Segment Open

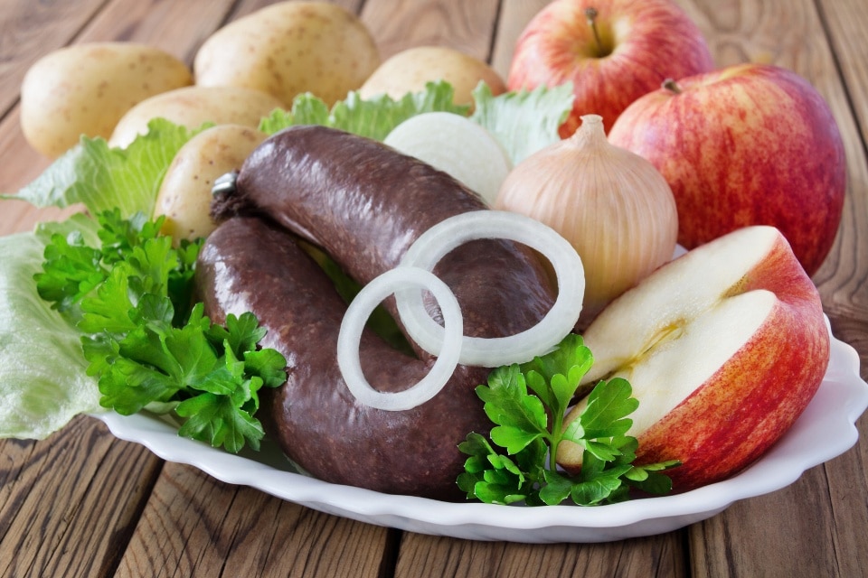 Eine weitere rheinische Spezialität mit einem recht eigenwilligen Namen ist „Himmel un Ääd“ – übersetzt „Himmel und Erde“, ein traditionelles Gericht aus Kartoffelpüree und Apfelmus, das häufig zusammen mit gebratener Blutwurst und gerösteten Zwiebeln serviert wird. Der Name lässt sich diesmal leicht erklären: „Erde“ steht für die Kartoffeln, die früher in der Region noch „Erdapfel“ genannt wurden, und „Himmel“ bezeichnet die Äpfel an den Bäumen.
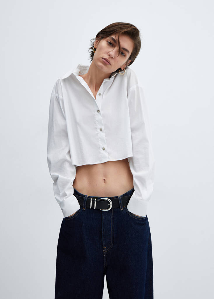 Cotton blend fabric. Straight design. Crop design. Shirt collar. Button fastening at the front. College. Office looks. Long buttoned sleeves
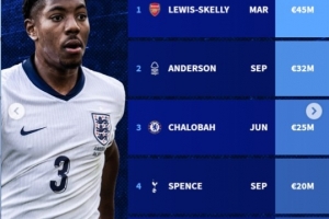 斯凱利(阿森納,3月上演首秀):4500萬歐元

Segment Closed
Segment Open

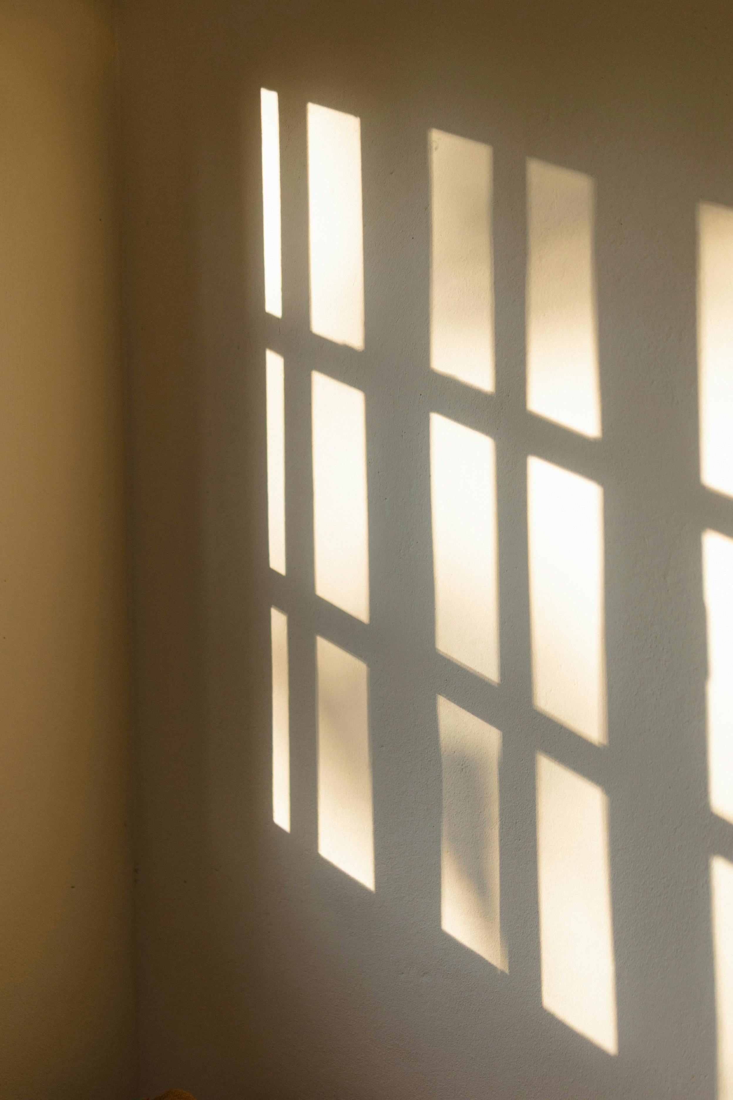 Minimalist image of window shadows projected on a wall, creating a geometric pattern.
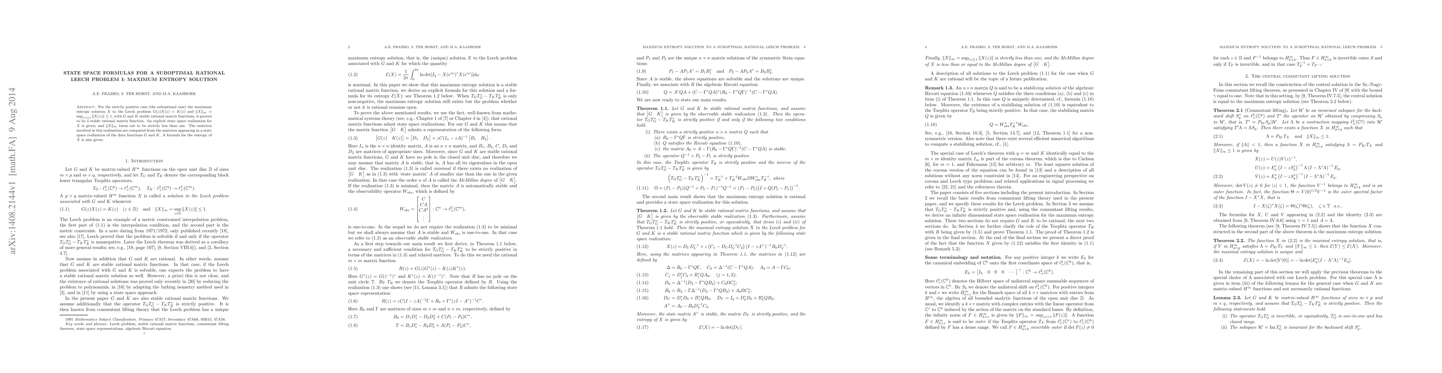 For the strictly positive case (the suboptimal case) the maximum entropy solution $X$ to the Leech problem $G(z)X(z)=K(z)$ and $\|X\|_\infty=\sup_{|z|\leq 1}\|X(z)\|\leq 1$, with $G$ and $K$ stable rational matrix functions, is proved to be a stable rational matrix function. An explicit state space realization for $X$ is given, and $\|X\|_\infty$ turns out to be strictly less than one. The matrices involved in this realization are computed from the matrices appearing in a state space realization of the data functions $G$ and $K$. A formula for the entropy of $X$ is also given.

Segment Closed

■ **WHAT THIS TASK INVOLVES**
Only the lines of the listing above from the one with "Eine weitere rheinische" through the one with "斯凱利(阿森納,3月上演首秀):4500萬歐元" should be output, exactly, with both ends kept and pictures left out.

■ **REPLY TO THE TASK**
 Eine weitere rheinische Spezialität mit einem recht eigenwilligen Namen ist „Himmel un Ääd“ – übersetzt „Himmel und Erde“, ein traditionelles Gericht aus Kartoffelpüree und Apfelmus, das häufig zusammen mit gebratener Blutwurst und gerösteten Zwiebeln serviert wird. Der Name lässt sich diesmal leicht erklären: „Erde“ steht für die Kartoffeln, die früher in der Region noch „Erdapfel“ genannt wurden, und „Himmel“ bezeichnet die Äpfel an den Bäumen.
 Cotton blend fabric. Straight design. Crop design. Shirt collar. Button fastening at the front. College. Office looks. Long buttoned sleeves
 斯凱利(阿森納,3月上演首秀):4500萬歐元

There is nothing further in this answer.